**Instructions to follow**:
With pictures left out, write out exactly every line from the start of the data through the one that contains "喜報——成都388vip太陽".

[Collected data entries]
*** Block opens ***

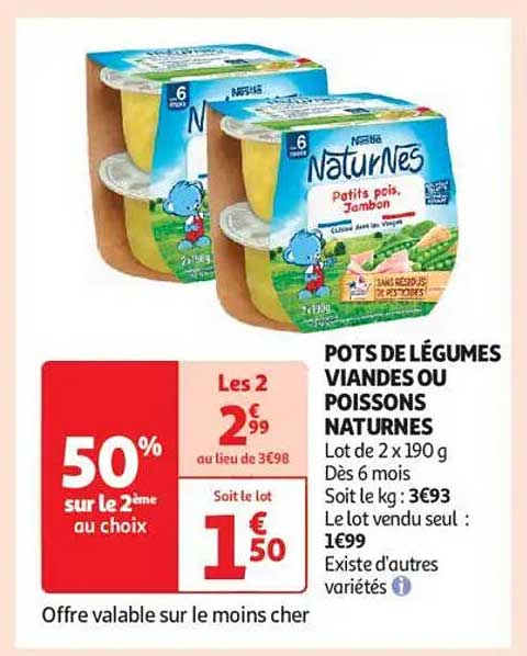 Offre de Pots De Légumes Viandes Ou Poissons Natures chez Auchan
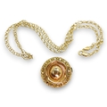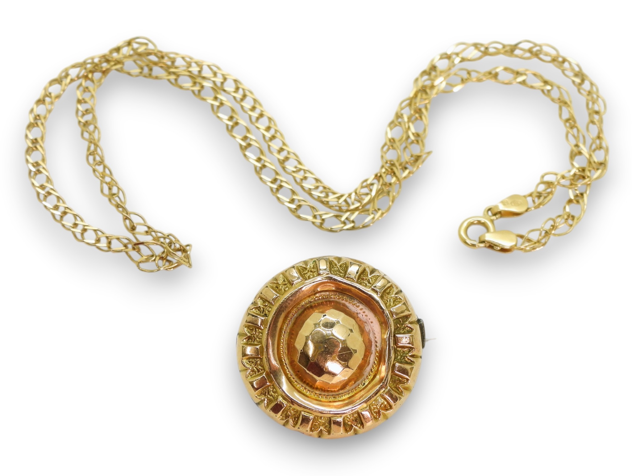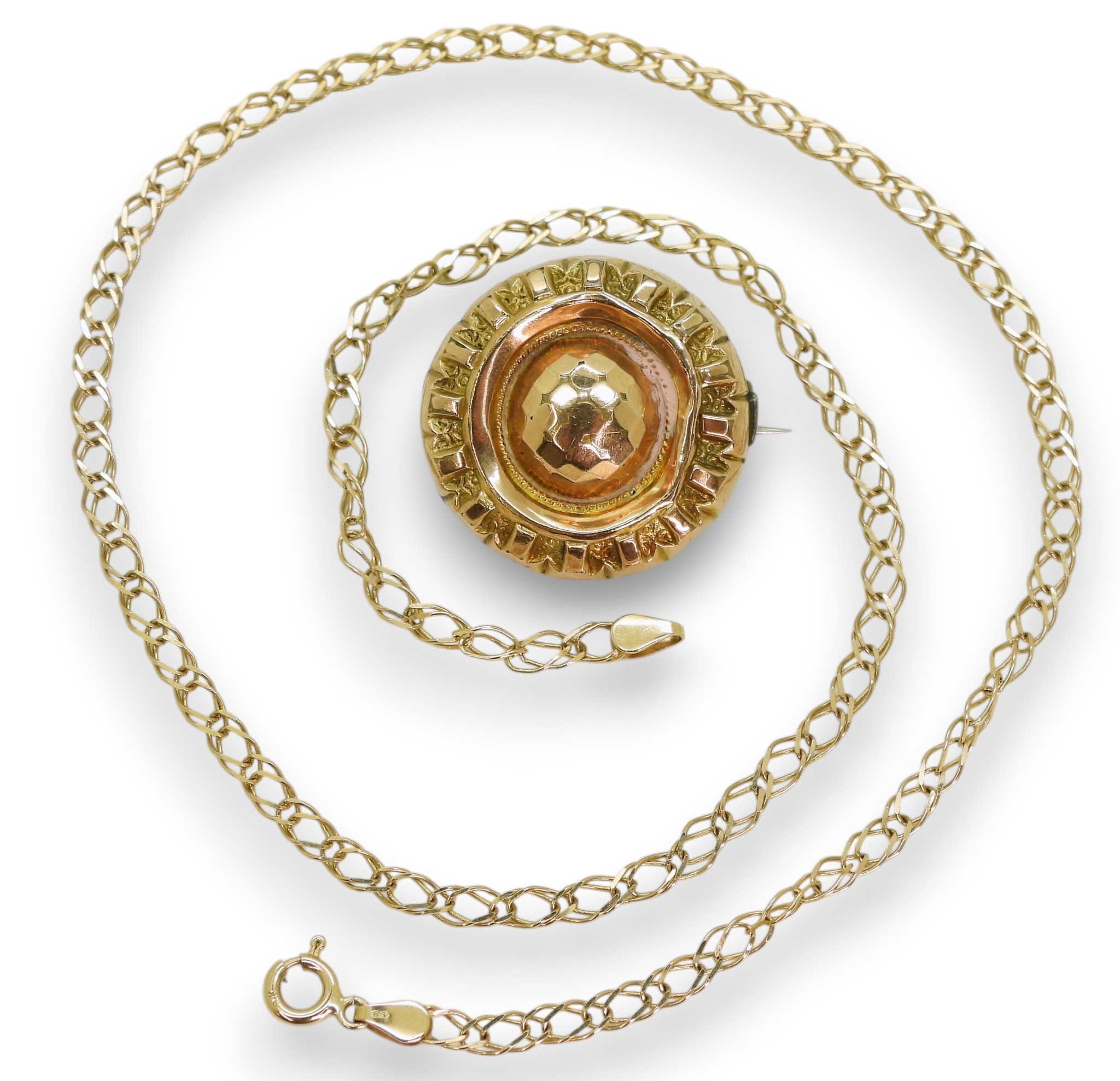A 9ct gold double curb chain , length 45cm, together with a yellow metal Victorian brooch, weight combined 8.4gms
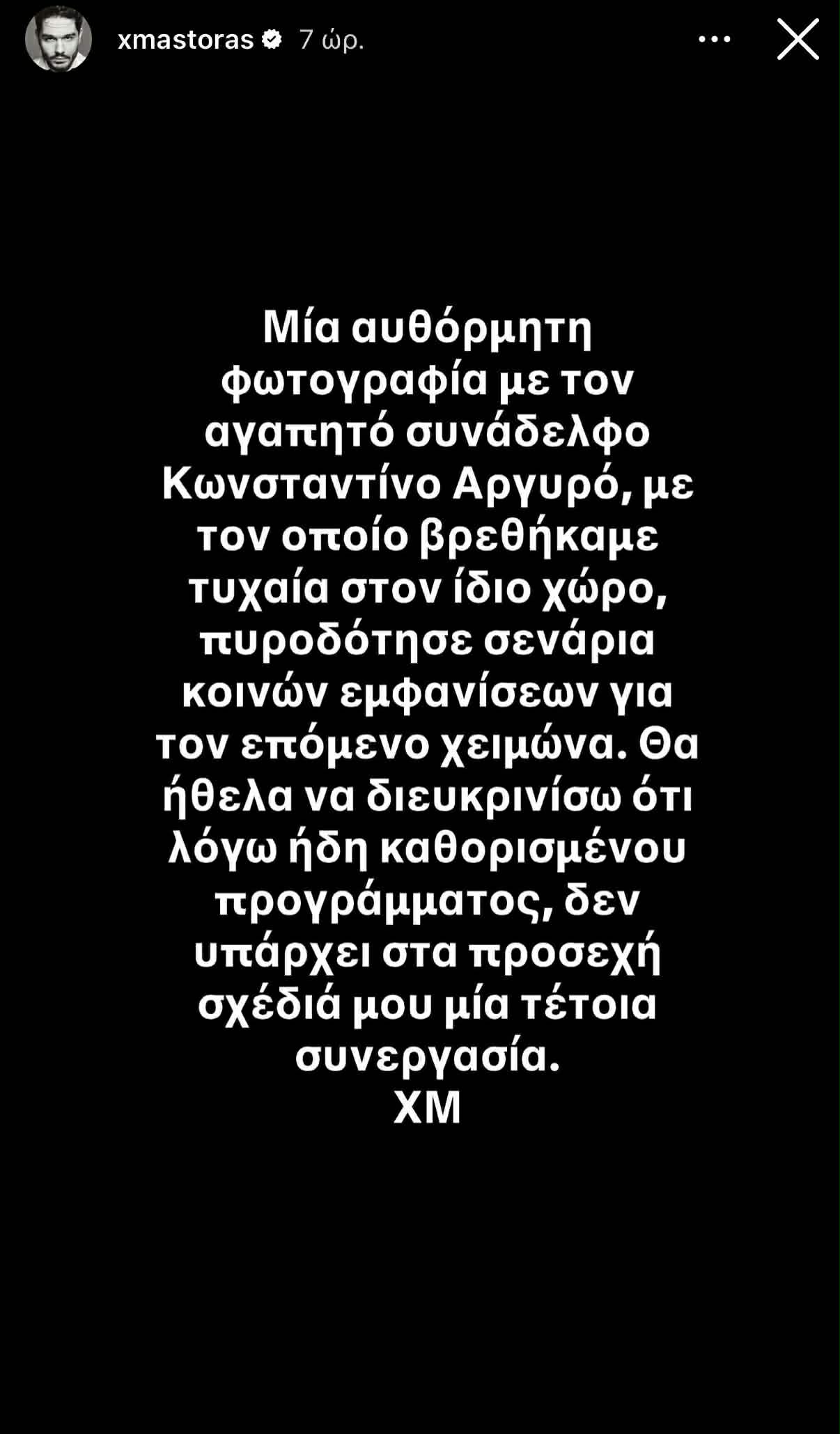«Μία αυθόρμητη φωτογραφία με τον αγαπητό συνάδελφο Κωνσταντίνο Αργυρό, με τον οποίο βρεθήκαμε τυχαία στον ίδιο χώρο, πυροδότησε σενάρια κοινών εμφανίσεων για τον επόμενο χειμώνα. Θα ήθελα να διευκρινίσω ότι λόγω ήδη καθορισμένου προγράμματος, δεν υπάρχει στα προσεχή σχέδιά μου μία τέτοια συνεργασία».
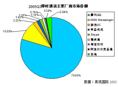 在現(xiàn)階段的中國(guó)即時(shí)通訊市場(chǎng),三大廠商優(yōu)勢(shì)明顯。騰訊 QQ 以其最早進(jìn)入即時(shí)通訊市場(chǎng)、商業(yè)模式創(chuàng)新成功、用戶群龐大等各種因素所帶來的優(yōu)勢(shì)仍舊延續(xù)著對(duì)即時(shí)通訊市場(chǎng)的幾乎壟斷式的占有,市場(chǎng)份額高達(dá)79.6%。緊隨其后的
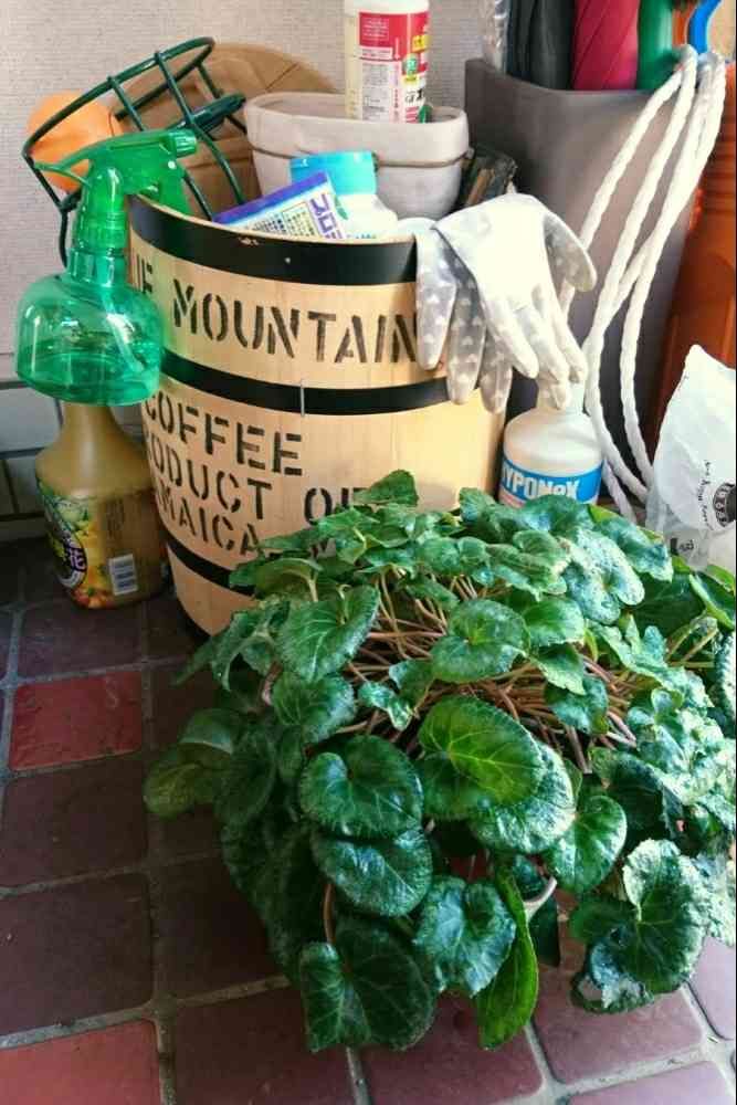 カイガラムシを駆除するため、花を抜いて玄関で養生しているミニシクラメン。毎朝、葉水かけつつ目を光らせています。
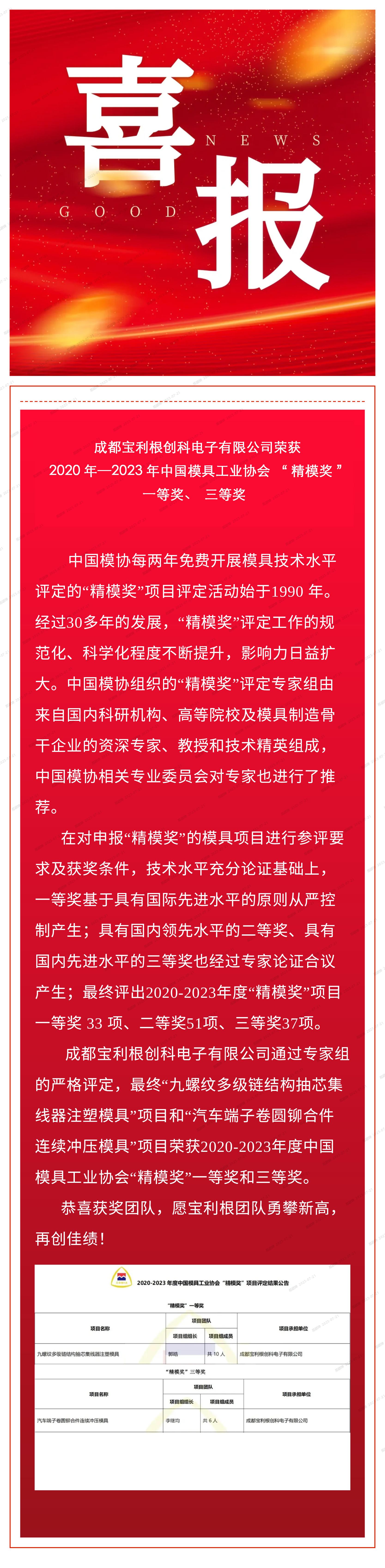 喜報——成都388vip太陽集團創科電子有限公司榮獲 2020年—2023年“精模獎”一等獎、三等獎
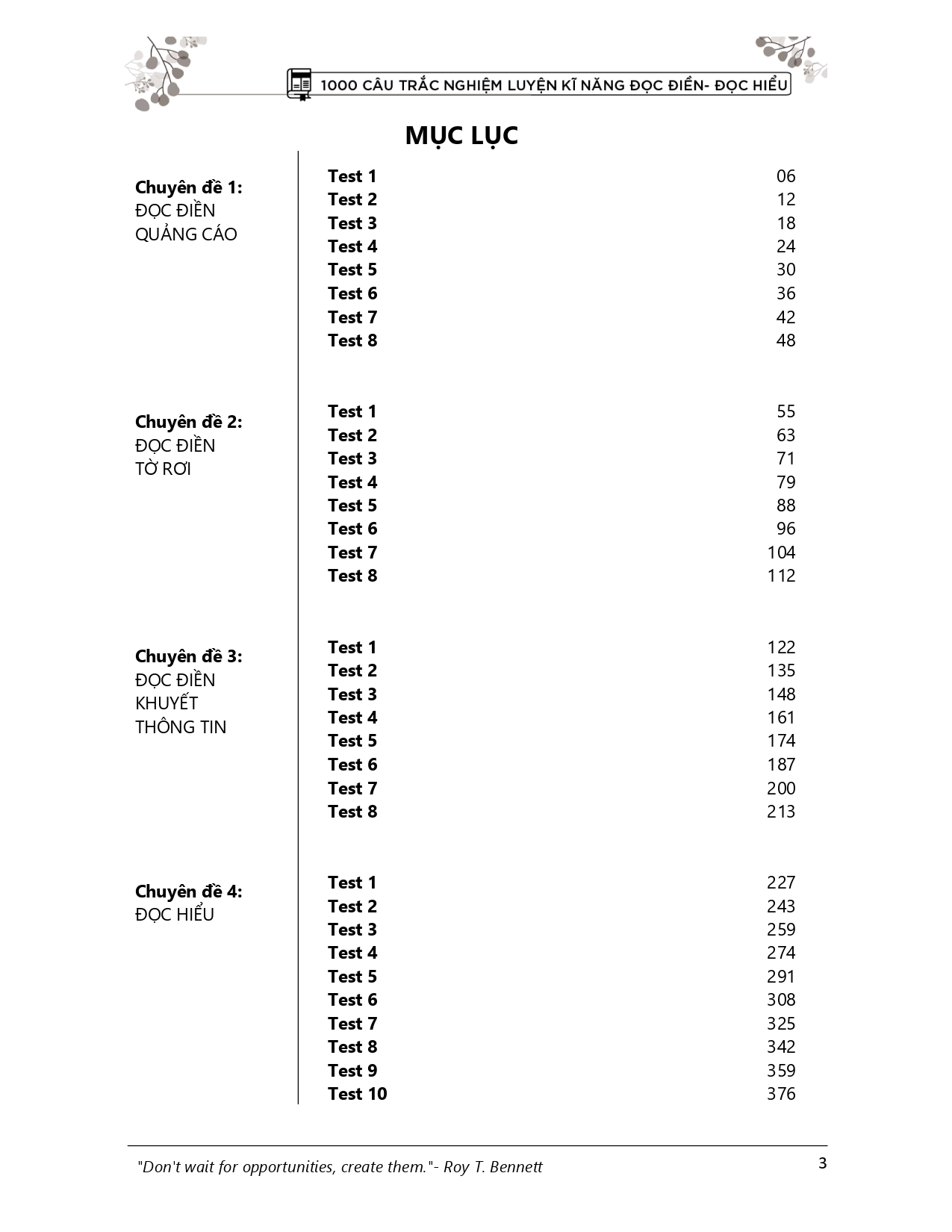 Các kỳ thi Tốt nghiệp THPT Quốc gia và Đánh giá năng lực ngày càng chú trọng vào kỹ năng đọc hiểu, vì vậy việc rèn luyện phương pháp và thực hành thường xuyên là chìa khóa để đạt điểm cao. Cuốn sách "1000 Câu Trắc Nghiệm Luyện Kỹ Năng Đọc Điền – Đọc Hiểu Môn Tiếng Anh" được biên soạn nhằm giúp các em nâng cao kỹ năng này, với hệ thống bài tập đa dạng, bám sát cấu trúc đề thi thực tế. Bố cục sách gồm 4 chuyên đề trọng tâm Chuyên đề 1: Đọc điền quảng cáo Chuyên đề 2: Đọc điền tờ rơi Chuyên đề 3: Đọc điền khuyết thông tin Chuyên đề 4: Đọc hiểu

*** Block closes ***

**Result of this exercise**:
 Offre de Pots De Légumes Viandes Ou Poissons Natures chez Auchan
A 9ct gold double curb chain , length 45cm, together with a yellow metal Victorian brooch, weight combined 8.4gms
«Μία αυθόρμητη φωτογραφία με τον αγαπητό συνάδελφο Κωνσταντίνο Αργυρό, με τον οποίο βρεθήκαμε τυχαία στον ίδιο χώρο, πυροδότησε σενάρια κοινών εμφανίσεων για τον επόμενο χειμώνα. Θα ήθελα να διευκρινίσω ότι λόγω ήδη καθορισμένου προγράμματος, δεν υπάρχει στα προσεχή σχέδιά μου μία τέτοια συνεργασία».
 在現(xiàn)階段的中國(guó)即時(shí)通訊市場(chǎng),三大廠商優(yōu)勢(shì)明顯。騰訊 QQ 以其最早進(jìn)入即時(shí)通訊市場(chǎng)、商業(yè)模式創(chuàng)新成功、用戶群龐大等各種因素所帶來的優(yōu)勢(shì)仍舊延續(xù)著對(duì)即時(shí)通訊市場(chǎng)的幾乎壟斷式的占有,市場(chǎng)份額高達(dá)79.6%。緊隨其后的
 カイガラムシを駆除するため、花を抜いて玄関で養生しているミニシクラメン。毎朝、葉水かけつつ目を光らせています。
 喜報——成都388vip太陽集團創科電子有限公司榮獲 2020年—2023年“精模獎”一等獎、三等獎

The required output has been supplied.